When you receive a settlement from a lawsuit, it's important to understand the tax implications. Generally, settlement money and damages collected in a lawsuit are considered income, which means that the IRS will tax that money. However, there are some exceptions. Accident and personal injury cases, such as a slip and fall or workers' compensation case, are excluded from taxation.
Punitive damages, which are intended to punish the accused, are almost always taxable. The decisive factor is whether your agreement involves personal injury in which there is “observable bodily harm.” If your settlement was for a personal injury lawsuit where your injuries could be visible, your settlement may not be considered income and you will not have to include this agreement when filing your income tax forms. Most settlements are for various types of damages, such as loss of income, emotional distress, medical expenses, and other costs.

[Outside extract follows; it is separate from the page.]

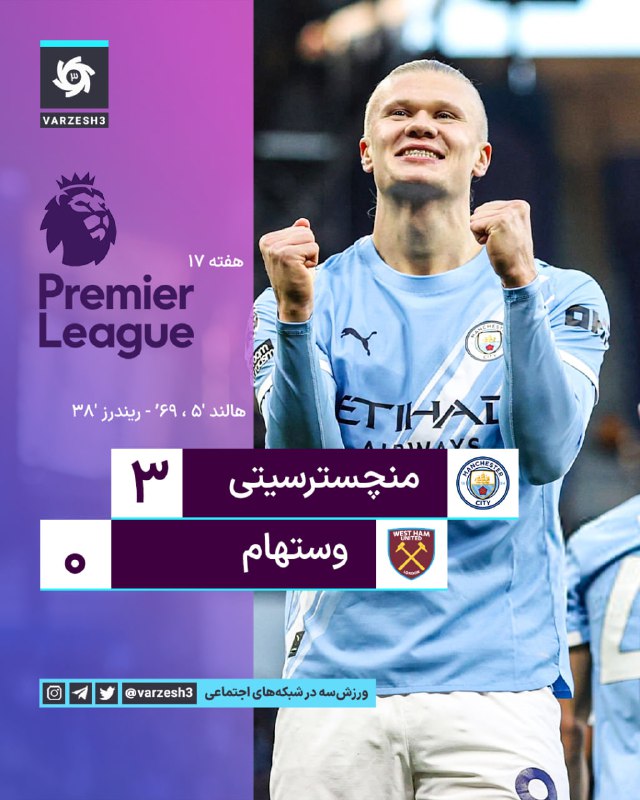 📊#آمار |🔝با دبل برابر وستهم ارلینگ هالند با 11 گل زده و عبور از آگوئرو و جف هرست به بهترین گلزن تاریخ تقابلهای این دو تیم تبدیل شد.

It's wise to set aside part of your agreement to cover the tax bill.
If you have received or expect to receive a large settlement, it is important to understand the financial impact following receipt of settlement funds. Winnings from a personal injury settlement are often not taxed at all, but there are some exceptions. If you have sued for damage to your home or commercial factory, you may be able to classify the settlement as capital gains. In the fiscal year you receive your settlement, it might be a good idea to hire a tax accountant, even if you normally do your taxes yourself online.
If you plan to issue one, negotiate 1099 revenues to be a lower number than your actual settlement amount. Defendants who issue a settlement payment or insurance companies that issue a settlement payment must issue a Form 1099, unless the settlement qualifies for one of the tax exceptions.